All of the records below need to be copied exactly.

### Input material
BEGIN

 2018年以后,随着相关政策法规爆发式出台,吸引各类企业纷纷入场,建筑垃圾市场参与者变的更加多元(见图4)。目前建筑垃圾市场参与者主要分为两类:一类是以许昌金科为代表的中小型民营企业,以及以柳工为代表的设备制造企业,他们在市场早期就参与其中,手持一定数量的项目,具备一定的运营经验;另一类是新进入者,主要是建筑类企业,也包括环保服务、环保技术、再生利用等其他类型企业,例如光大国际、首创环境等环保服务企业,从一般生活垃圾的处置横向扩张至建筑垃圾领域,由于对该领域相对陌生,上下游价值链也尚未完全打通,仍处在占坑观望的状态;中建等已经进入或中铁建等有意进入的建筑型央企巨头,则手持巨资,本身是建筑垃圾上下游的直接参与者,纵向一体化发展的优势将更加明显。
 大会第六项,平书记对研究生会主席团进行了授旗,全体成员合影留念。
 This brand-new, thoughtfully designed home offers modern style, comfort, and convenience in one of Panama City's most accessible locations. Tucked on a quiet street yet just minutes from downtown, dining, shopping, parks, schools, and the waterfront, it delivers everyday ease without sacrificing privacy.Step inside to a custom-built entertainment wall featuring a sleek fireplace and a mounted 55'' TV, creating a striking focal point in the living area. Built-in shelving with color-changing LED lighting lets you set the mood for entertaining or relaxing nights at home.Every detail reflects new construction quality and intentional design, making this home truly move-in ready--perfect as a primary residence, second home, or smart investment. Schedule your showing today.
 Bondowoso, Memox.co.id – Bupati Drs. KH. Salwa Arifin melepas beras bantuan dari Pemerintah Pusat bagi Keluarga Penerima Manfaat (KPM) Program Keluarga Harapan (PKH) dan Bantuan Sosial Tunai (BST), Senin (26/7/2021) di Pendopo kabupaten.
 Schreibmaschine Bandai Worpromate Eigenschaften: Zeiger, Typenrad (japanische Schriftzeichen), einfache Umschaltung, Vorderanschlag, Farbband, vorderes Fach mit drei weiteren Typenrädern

END

### Output below
 2018年以后,随着相关政策法规爆发式出台,吸引各类企业纷纷入场,建筑垃圾市场参与者变的更加多元(见图4)。目前建筑垃圾市场参与者主要分为两类:一类是以许昌金科为代表的中小型民营企业,以及以柳工为代表的设备制造企业,他们在市场早期就参与其中,手持一定数量的项目,具备一定的运营经验;另一类是新进入者,主要是建筑类企业,也包括环保服务、环保技术、再生利用等其他类型企业,例如光大国际、首创环境等环保服务企业,从一般生活垃圾的处置横向扩张至建筑垃圾领域,由于对该领域相对陌生,上下游价值链也尚未完全打通,仍处在占坑观望的状态;中建等已经进入或中铁建等有意进入的建筑型央企巨头,则手持巨资,本身是建筑垃圾上下游的直接参与者,纵向一体化发展的优势将更加明显。
 大会第六项,平书记对研究生会主席团进行了授旗,全体成员合影留念。
 This brand-new, thoughtfully designed home offers modern style, comfort, and convenience in one of Panama City's most accessible locations. Tucked on a quiet street yet just minutes from downtown, dining, shopping, parks, schools, and the waterfront, it delivers everyday ease without sacrificing privacy.Step inside to a custom-built entertainment wall featuring a sleek fireplace and a mounted 55'' TV, creating a striking focal point in the living area. Built-in shelving with color-changing LED lighting lets you set the mood for entertaining or relaxing nights at home.Every detail reflects new construction quality and intentional design, making this home truly move-in ready--perfect as a primary residence, second home, or smart investment. Schedule your showing today.
 Bondowoso, Memox.co.id – Bupati Drs. KH. Salwa Arifin melepas beras bantuan dari Pemerintah Pusat bagi Keluarga Penerima Manfaat (KPM) Program Keluarga Harapan (PKH) dan Bantuan Sosial Tunai (BST), Senin (26/7/2021) di Pendopo kabupaten.
 Schreibmaschine Bandai Worpromate Eigenschaften: Zeiger, Typenrad (japanische Schriftzeichen), einfache Umschaltung, Vorderanschlag, Farbband, vorderes Fach mit drei weiteren Typenrädern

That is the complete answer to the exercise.